The NASA team tested the parachute three times in Mars-relevant conditions, using Black Brant IX sounding rockets. The final test flight exposed the chute to a 67,000-pound (300,000-Newton) load – the highest ever survived by a supersonic parachute and about 85% higher than what the mission’s chute was expected to encounter during deployment in Mars’ atmosphere.

“When the spacecraft successfully touched down last week, it was a great feeling of accomplishment for the parachute testing team,” said Giovanni Rosanova, chief of the NASA Sounding Rockets Program Office at Wallops. “Placing the test component in the right conditions with a sounding rocket was challenging, and the importance of the tests to the success of the Mars landing was an exciting motivating factor for the team. We are proud to have been a part of this mission.”

Suborbital vehicles – sounding rockets, scientific balloons, and aircraft – are great platforms for developing and testing spacecraft instruments and components. Spacecraft including Terra, Aqua, COBE, CGRO, SPITZER, SWIFT, HST, SOHO, and STEREO have heritage connected with suborbital vehicle missions.

Mars Parachute Decoder Ring

This annotated image was taken by a parachute-up-look camera aboard the protective back shell of NASA’s Perseverance rover during its descent toward Mars’ Jezero Crater on February 18, 2021. Using binary code, two messages were encoded in the parachute: DARE MIGHTY THINGS and the GPS coordinates of an area by JPL’s visitor center.  Credit: NASA/JPL-Caltech

Rosanova said, “One of the beauties of suborbital vehicles is that an instrument or its components can be flown, improved, and then re-flown. This can be done within a few years, providing the opportunity for scientists to work out the bugs before flying on a spacecraft.”

In the case of the Mars 2020 parachutes, the first flight was a test to see if the right conditions can be achieved during the flight to simulate what the parachutes will encounter descending through the Mars’ atmosphere. The second flight, 6 months later in March 2018, was the first full test of the parachute. The final successful test, conducted in September 2018, provided the results needed for the Perseverance parachute team to be confident that the design was ready for the Mars 2020 mission.

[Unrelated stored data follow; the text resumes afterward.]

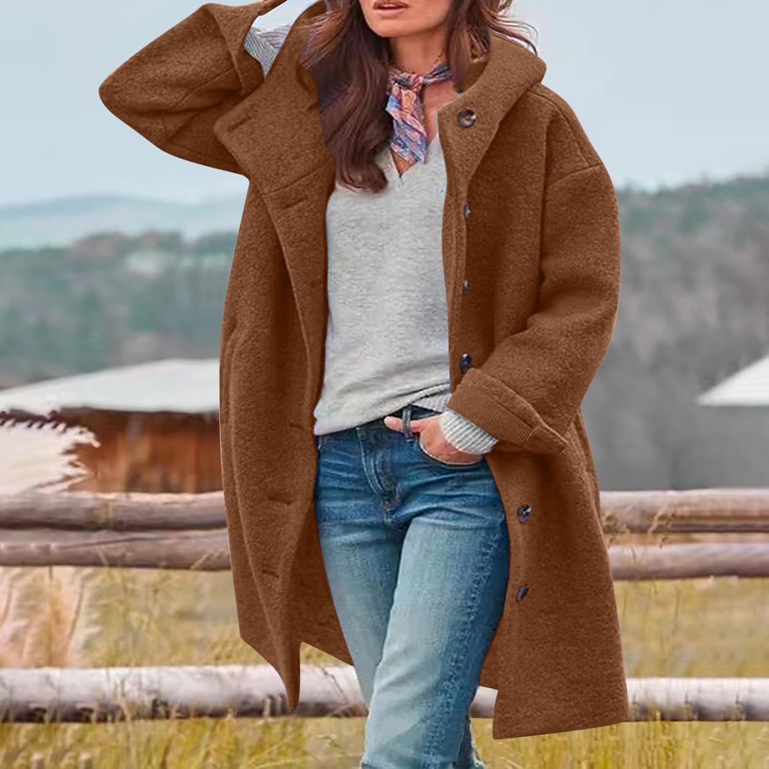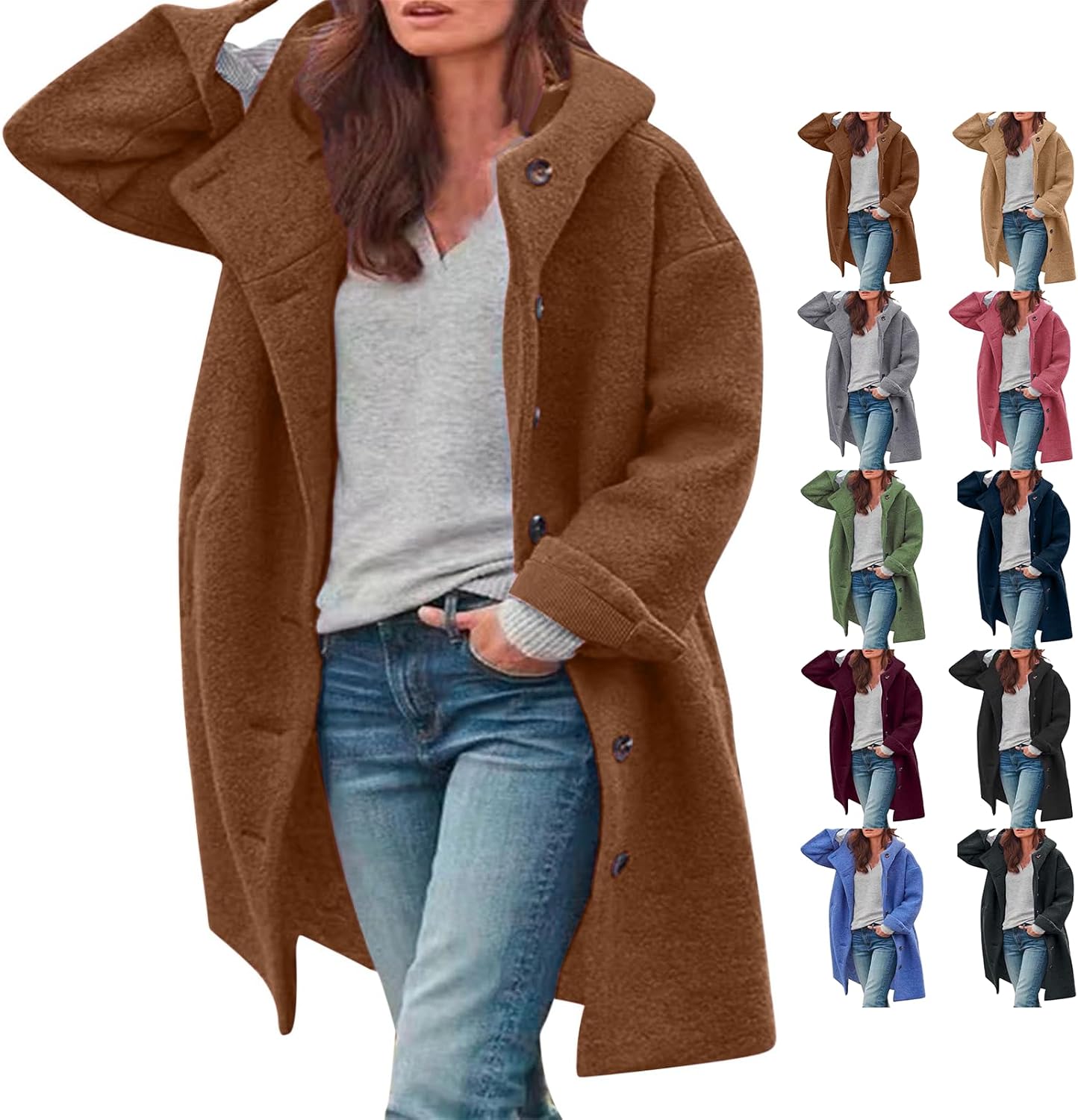 Abrigo Mujer Invierno Botonadura Abrigo Mezcla de Lana Grueso y CáLido Abrigos Paño Elegantes Coat con Cuello de Solapa Longitud Media Chaqueta
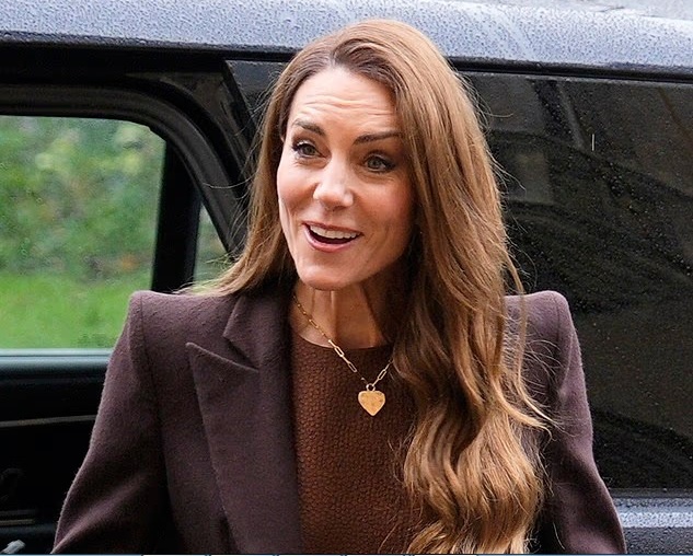 Во время этой встречи Принцесса Кэтрин была одета в изготовленное на заказ коричневое фактурное миди-платье от Edeline Lee и длинное коричневое пальто от дизайнера Catherine Walker:
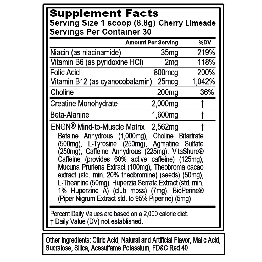 Constant improvement requires a winning trifecta of building strength, increasing blood flow and extending endurance so you can reach the next level. Key ingredients including Carnosyn Beta-Alanine, Betaine, Agmass, L-Tyrosine and Creatine are the foundation of ENGN’s complete formula. Together, they supply the most advanced ingredients to get you pumped, powered up and dialed-in so you can train harder every workout session.
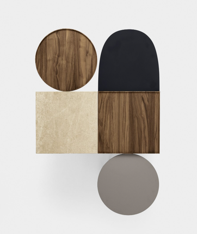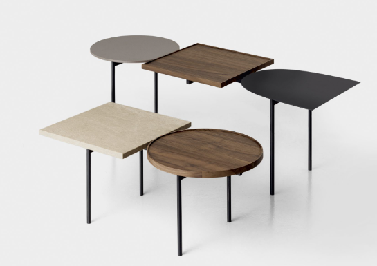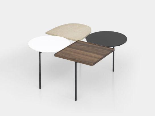 Constellations is Luca Nichetto’s tribute to the artists Joan Mirò and Alexander Calder and their meeting in Paris in 1928. The coffee table comprises a light and simple metal frame, on which a choice of squares, circles and semi-ellipses can be combined – inspired by Mirò’s conceptual shapes and Calder’s “Mobiles” – to create compositions of surfaces with different thicknesses and ?nishes. The effect is an abstraction of suspended objects: a constellation.
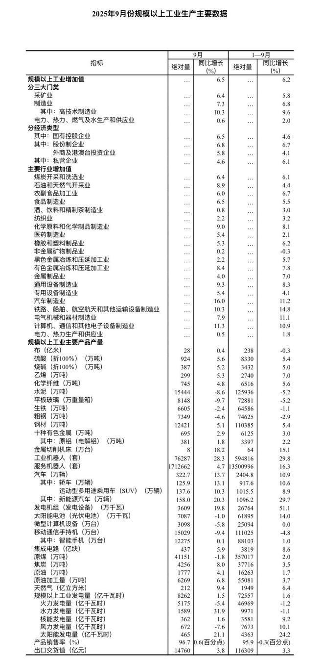 分三大门类看,9月份,采矿业增加值同比增长6.4%,制造业增长7.3%,电力、热力、燃气及水生产和供应业增长0.6%。

NASA is currently developing plans for a Mars Sample Return mission to retrieve the rocks and soil samples collected by Perseverance and return them to Earth. Teams are preparing to test concepts for the Mars Ascent Vehicle that will carry the collected samples from the planet’s surface.

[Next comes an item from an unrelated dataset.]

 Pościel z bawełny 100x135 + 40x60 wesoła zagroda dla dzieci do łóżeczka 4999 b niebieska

Suborbital vehicles – either a sounding rocket or a scientific balloon – are being examined for testing the ascent vehicle. Wallops personnel are excited to be a part of this next step of exploring the Red Planet as we go to the Moon, Mars, and beyond.

More About the Mission

A key objective for Perseverance’s mission on Mars is astrobiology, including the search for signs of ancient microbial life. The rover will characterize the planet’s geology and past climate, pave the way for human exploration of the Red Planet, and be the first mission to collect and cache Martian rock and regolith (broken rock and dust).

Subsequent NASA missions, in cooperation with ESA (European Space Agency), would send spacecraft to Mars to collect these sealed samples from the surface and return them to Earth for in-depth analysis.

The Mars 2020 Perseverance mission is part of NASA’s Moon to Mars exploration approach, which includes Artemis missions to the Moon that will help prepare for human exploration of the Red Planet.

JPL, which is managed for NASA by Caltech in Pasadena, California, built and manages operations of the Perseverance rover.